If large models such as Stable Diffusion require large scale datasets, various components such as LoRAs, VAEs, refiners, or upscalers can be trained with a much smaller amount of data. In practice, this means that for each of these components, a custom dataset is created. As each of these datasets reflects a particular aspect of visual culture, the components trained on them function as conduits for imaginaries and world views. Image generators are not simply produced through mathematics and statistics, they are programmed by images. Programming by images is a specific curatorial practice that involves a wide range of skills including a deep knowledge of the relevant visual domain, the ability to find the best exemplars, many practical skills such as scraping, image filtering, cleaning and cropping, and mastering the art of a coherent classification and annotation. In our tour, we discuss two examples of curatorial practices of different scales and purpose: the creation of the LAION dataset and the art of collecting the images that are necessary to "bake the LoRA cake."[3] // One will find that behind each dataset there is always an organisation - of people, corporate organisations, researchers, or others.[4] Many datasets are freely available on platforms like Hugging Face for others to build LoRAs or in other ways experiment with. //



[1] Deng, Jia, Wei Dong, Richard Socher, Li-jia Li, Kai Li, and Li Fei-fei. “Imagenet: A Large-Scale Hierarchical Image Database.” CVPR 1 (2009): 248–55. https://doi.org/10.1109/CVPR.2009.5206848.

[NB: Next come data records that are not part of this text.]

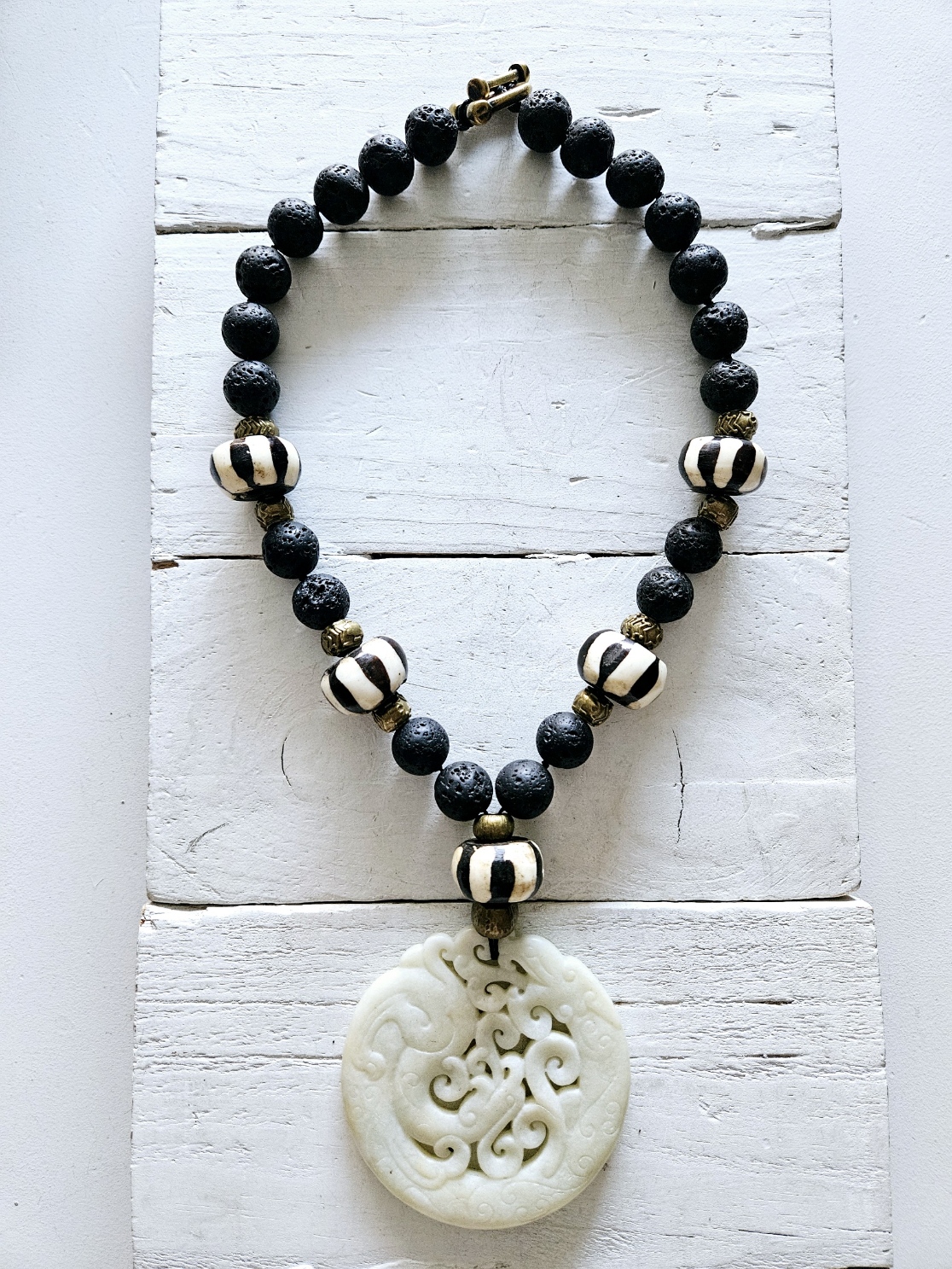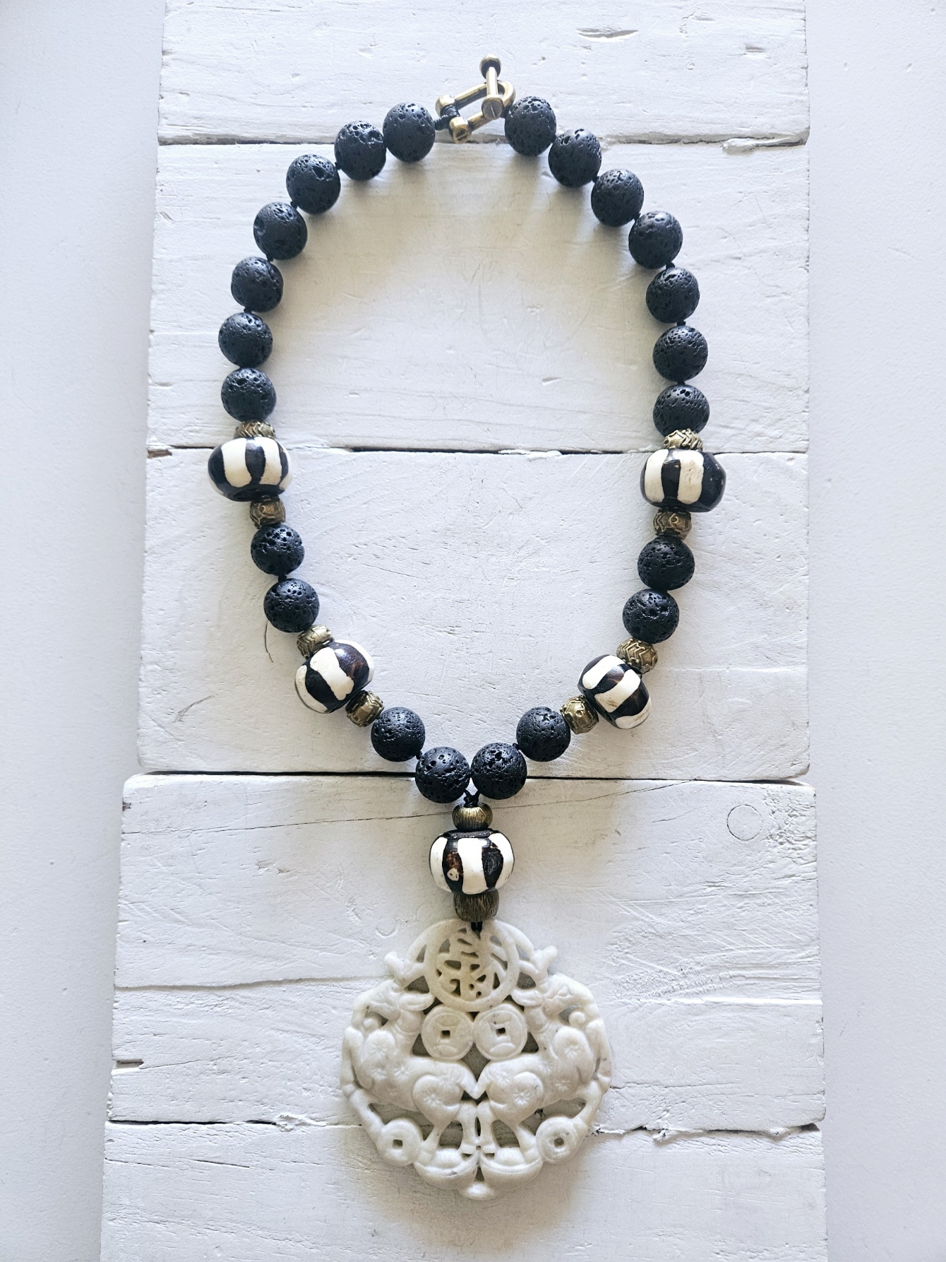 Collar corto de piedra volcánica negra con piezas de hueso africanas y colgante de jade blanco tallado artesanalmente. Tamaño de la pieza 7cm.aprox. Cierre de herradura en latón.
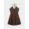 Robe courte à encolure en V avec fronces. Bretelles fines à nouer autour du cou. Détail smocké au dos. Jupe évasé. Matière légère à effet texturé.
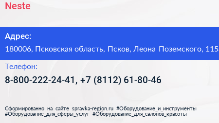 Neste по адресу 180006, Псковская область, Псков, Леона Поземского, 115а в дальнейшем Организация, размещена в следующих категориях:

[2] Deng, Jia, Wei Dong, Richard Socher, Li-jia Li, Kai Li, and Li Fei-fei. “Imagenet: A Large-Scale Hierarchical Image Database.” CVPR 1 (2009): 248–55. https://doi.org/10.1109/CVPR.2009.5206848. Beaumont, Romain. “LAION-5B: A NEW ERA OF OPEN LARGE-SCALE MULTI-MODAL DATASETS.” LAION, March 31, 2022. https://laion.ai/blog/laion-5b/.

[3] knxo, “Making a LoRA Is Like Baking a Cake,” Civitai, published July 10, 2024, accessed August 18, 2025, https://civitai.com/articles/138/making-a-lora-is-like-baking-a-cake.

[4] JinsNotes. “Vision Dataset.” JinsNotes, August 1, 2024. Accessed August 26, 2025. https://jinsnotes.com/2024-08-01-vision-dataset.